A.− Vx. Faire une coche, une entaille.
Spéc. Cocher une personne (un serviteur). Noter les gages dus, en faisant une coche sur un morceau de bois :
1. ... tout domestique qui savait écrire à Tainchebraye tenait un cahier, un carnet où ses gages figuraient en tête. Les autres serviteurs étaient cochés; on entaillait une baguette fendue tout du long (...) puis, en témoignage, chacun gardait son côté de baguette. J. de La Varende, Le Centaure de Dieu,1938, p. 158.
B.− P. ext. Marquer d'un trait ou autre repère. Son nom était coché sur la liste sanglante (J. de La Varende, Nez-de-Cuir, gentilhomme d'amour,1936, p. 26).Il rêva au jour où elle serait repartie, et le cocha sur son calendrier (Montherlant, Le Démon du bien,1937, p. 1316):
2. Son ami, M. Saint-Martin, suivait par-dessus son épaule, et ils avaient un « Bon! » un « Mauvais! » sur chaque nom, et parfois, avec un crayon, les cochaient d'un point d'interrogation.

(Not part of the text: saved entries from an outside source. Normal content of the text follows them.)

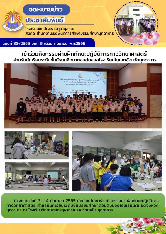 ในระหว่างวันที่ 3 – 4 กันยายน 2565 นักเรียนได้เข้าร่วมกิจกรรมค่ายฝึกทักษะปฏิบัติการทางวิทยาศาสตร์ สำหรับนักเรียนระดับชั้นมัธยมศึกษาตอนต้นของโรงเรียนในเขตจังหวัดมุกดาหาร ณ โรงเรียนวิทยาศาสตรจุฬาภรณราชวิทยาลัย มุกดาหาร
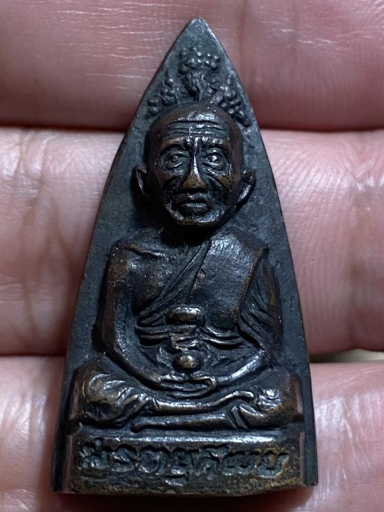 หลวงปู่ทวดปั้ม พิมพ์เตารีด-ปรกโพธิ์ หลังหนังสือ ก้นกลึง อุดกริ่ง (นิยมที่สุด) เนื้อทองเหลืองรมดำ รุ่นแรก วัดพะโค้ะ จ.สงขลา ปี 2506
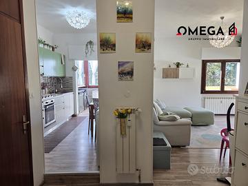 Appartamento in ottime condizioni, ristrutturato da pochi anni e luminosissimo, inserito in un contesto di zona molto tranquilla e riqualificato da pochi anni dal Superbonus. E' un grande trilocale al piano basso, con sala e cucina abitabile collegate anche esternamente da una lunga terrazza (in cui è inclusa una veranda che funge da lavanderia) ad angolo esposta sul verde, due camere da letto, due bagni con wc e con finestra, ripostiglio interno e cantina in muratura. Oltre al posto auto assegnato in area condominiale c'è una strada privata che permette di parcheggiare altre auto. Gradevole e funzionale l'arredo che viene lasciato all'interno dell'alloggio; i materiali sono moderni, il pavimento è in parte in listoni di legno prefinito in parte il listoni di gres, la porta d'ingresso è blindata, i serramenti in PVC con effetto legno, l'impianto elettrico è rifatto. C'è già la predisposizione per l'installazione del climatizzatore e in soggiorno c'è un bel caminetto ecologoico a etanolo.
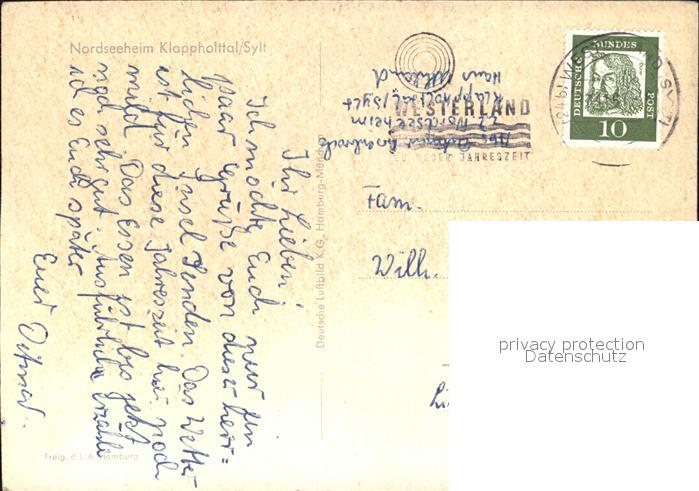 alte Postkarte Sylt Nordseeheim Klappholttal Fliegeraufnahme postalisch gelaufen Erhaltung siehe scans
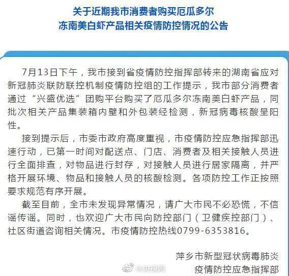 这则误读新闻的源头,来自14日发布的一则《关于近期我市消费者购买厄瓜多尔冻南美白虾产品相关疫情防控情况的公告》,发布部门是萍乡市新型冠状病毒肺炎疫情防控应急指挥部。
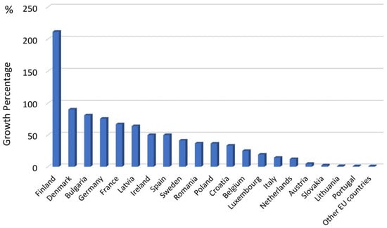 The number of electric buses in cities worldwide has grown in recent years. A recent study by Bloomberg New Energy Finance Electric predicted that EBs will replace over 47% of the world’s total city bus fleet by 2025 [6]. Figure 2 illustrates the year-over-year growth of the battery-electric bus (BEB) fleet in European Union (EU) countries from 2021 to 2022 [7]. In 2017, 9% of all buses sold in Europe were EBs [8]. From 2022 to 2027, the market for electric buses in Europe is anticipated to grow by 18.6%. This shows the trend of switching from conventional buses to electric buses.

Barrès, L'Appel au soldat,1897, p. 134.
Prononc. et Orth. : [kɔ ʃe], (je) coche [kɔ ʃ]. Ds Ac. 1932. Étymol. et Hist. 1305-10 (G. Guiart, Royaux Lignages, éd. J.-A. Buchon, II, 4203 : Arbalestiers leur quarriaus cochent). Dér. de coche* « entaille »; dés. -er. Fréq. abs. littér. : 12.